Cronaca
Laura Santi
Laura Santi se n’è andata. Lo ha fatto come aveva chiesto, come aveva deciso, come aveva potuto. Perché, finalmente – dopo una lunga battaglia – qualcuno le aveva riconosciuto il diritto di scegliere. Laura non è morta. Laura ha scelto di non soffrire più. E questa, che piaccia o meno, non è solo una sfumatura semantica: è una verità.

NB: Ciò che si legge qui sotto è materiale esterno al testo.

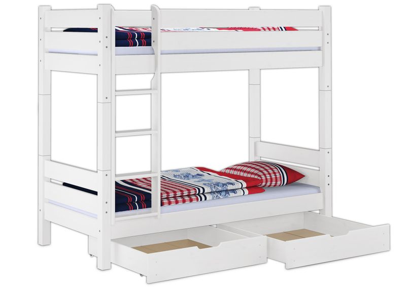 Etagenbett 90 x 200 cm Extra Stabil Kiefer Massiv Weiß Nische 100
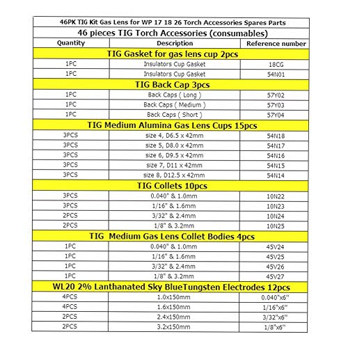 Materiali di consumo Torch Tig, 46 pezzi/set Serie WP-17/18/26 Torcia TIG Accessori per consumabili
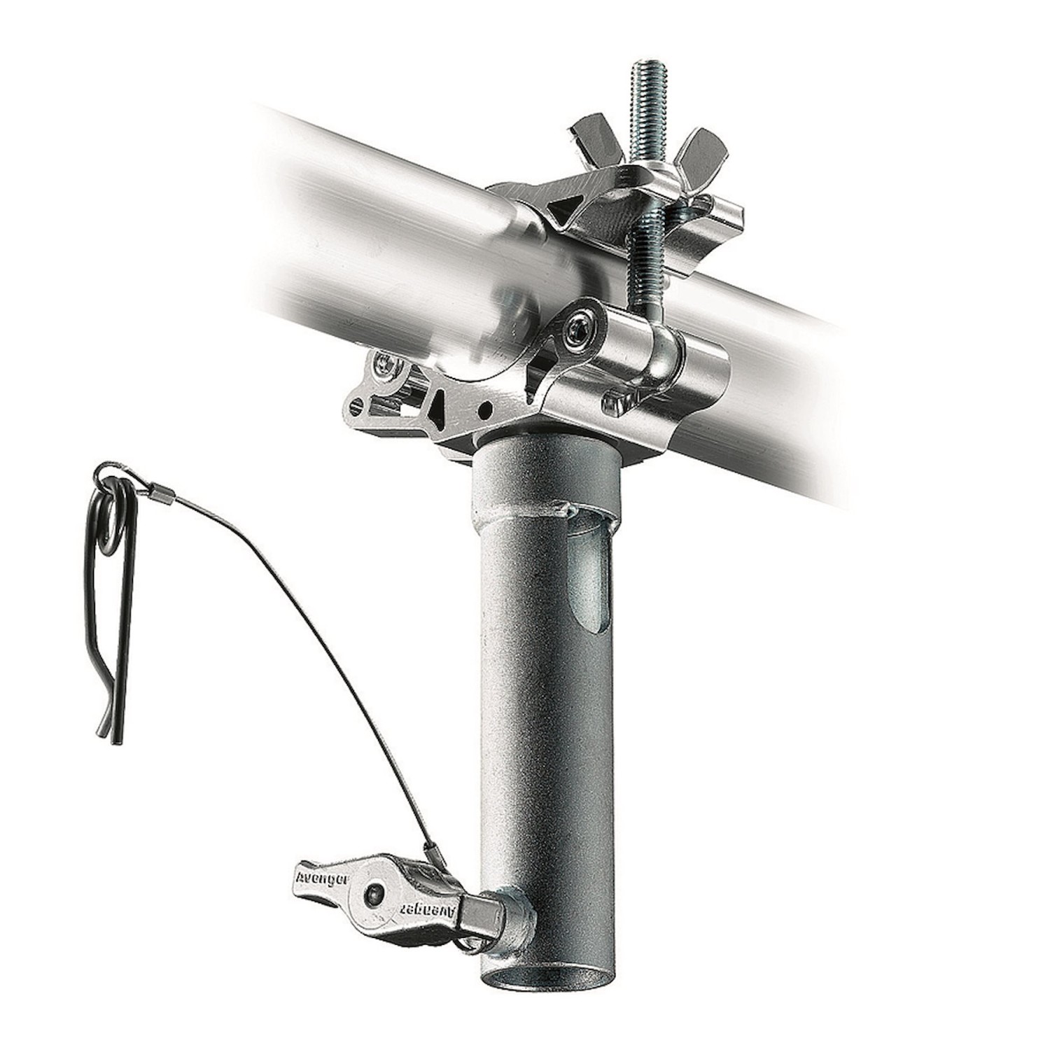 El acoplador Avenger C465-1 LP Eye Coupler con casquillo de 28 mm es una abrazadera de aluminio resistente diseñada para aplicaciones de montaje profesionales. Gracias a su receptor de 1 1/8" (28 mm) y a su elevada capacidad de carga, garantiza una fijación segura y fiable a vigas, tubos redondos y rejillas.

Laura, in passato, aveva fatto parte della squadra del nostro giornale. Da capocronista, nei primi anni 2000, la scelsi come collaboratrice per seguire prevalentemente il settore sociale e della solidarietà in Umbria. Aveva una sensibilità spiccata e sognava di diventare giornalista. E lo è diventata davvero, anche se negli ultimi anni non era riuscita a mantenere l’iscrizione all’Ordine. Ma non è certo un tesserino in tasca a stabilire se sai fare bene un mestiere. Una collega, quindi, certo. Ma anche un’amica sincera. Di quelle che conosci poche volte nella vita, con cui sai che c’è una stima professionale reciproca. Di quelle che, se ti capita di incontrarle e poi ti perdi di vista, restano lì. Nella testa, nel cuore e nel groppo alla gola che ora sale impietoso.

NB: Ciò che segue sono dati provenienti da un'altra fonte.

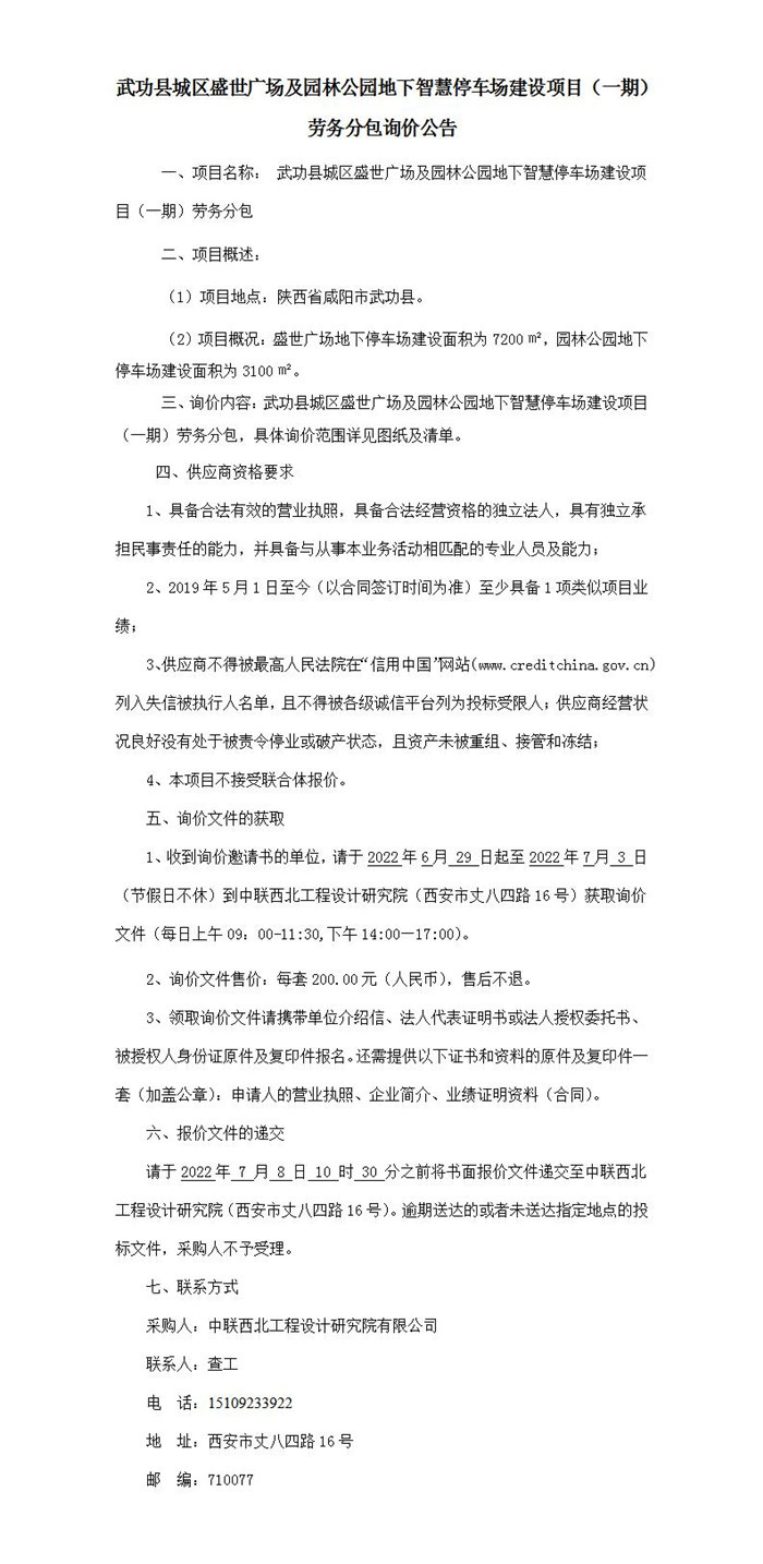 武功县城区盛世广场及园林公园地下智慧停车场建设项目(一期)劳务分包询价公告

Nei mesi scorsi, quando ancora lottava tra mille difficoltà e dolori per ottenere la possibilità del suicidio assistito, scrissi che da cristiano non avrei mai potuto dire che aveva “diritto di morire”. E lo ribadisco. La vita, per me, viene prima di tutto. Ma chiesi, allora, se fosse giusto che a scegliere fossimo noi al posto suo. Se, negandole quella possibilità, non le stessimo togliendo anche l’ultima libertà. Ora quella domanda ha avuto risposta. E la risposta è nel coraggio con cui, lunedì, Laura ha detto addio. In silenzio. L’ultimo gesto è stato il più potente di tutti. Non una fuga. Ma un atto di responsabilità verso sé stessa, la sua sofferenza e chi la amava. Laura ha avuto la forza di guardare in faccia il dolore e la morte e dire loro: “Ora decido io”.

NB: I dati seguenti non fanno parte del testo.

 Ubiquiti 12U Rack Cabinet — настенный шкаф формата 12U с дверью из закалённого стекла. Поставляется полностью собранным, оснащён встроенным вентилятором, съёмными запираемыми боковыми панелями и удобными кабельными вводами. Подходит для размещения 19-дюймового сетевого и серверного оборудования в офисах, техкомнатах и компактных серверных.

E chi siamo noi per dire che non poteva?
Oggi non dovrebbe essere il giorno delle polemiche. Non dovrebbe essere il giorno delle leggi, delle sentenze, delle opinioni da talk show. Dovrebbe essere solo il giorno del silenzio. Della gratitudine. Del rispetto. Perché Laura Santi ci ha lasciato un testamento morale: quello della libertà di poter scegliere. Anche se è difficile. Anche se inconcepibile per chi non conosce, nel profondo e sulla propria pelle, tutto il peso della sofferenza fisica, oltre che mentale. E noi, che restiamo, possiamo solo raccoglierlo. Con le lacrime agli occhi. E con il dovere di non dimenticare.
Ciao, Laura. La lezione più grande, alla fine, è arrivata da te.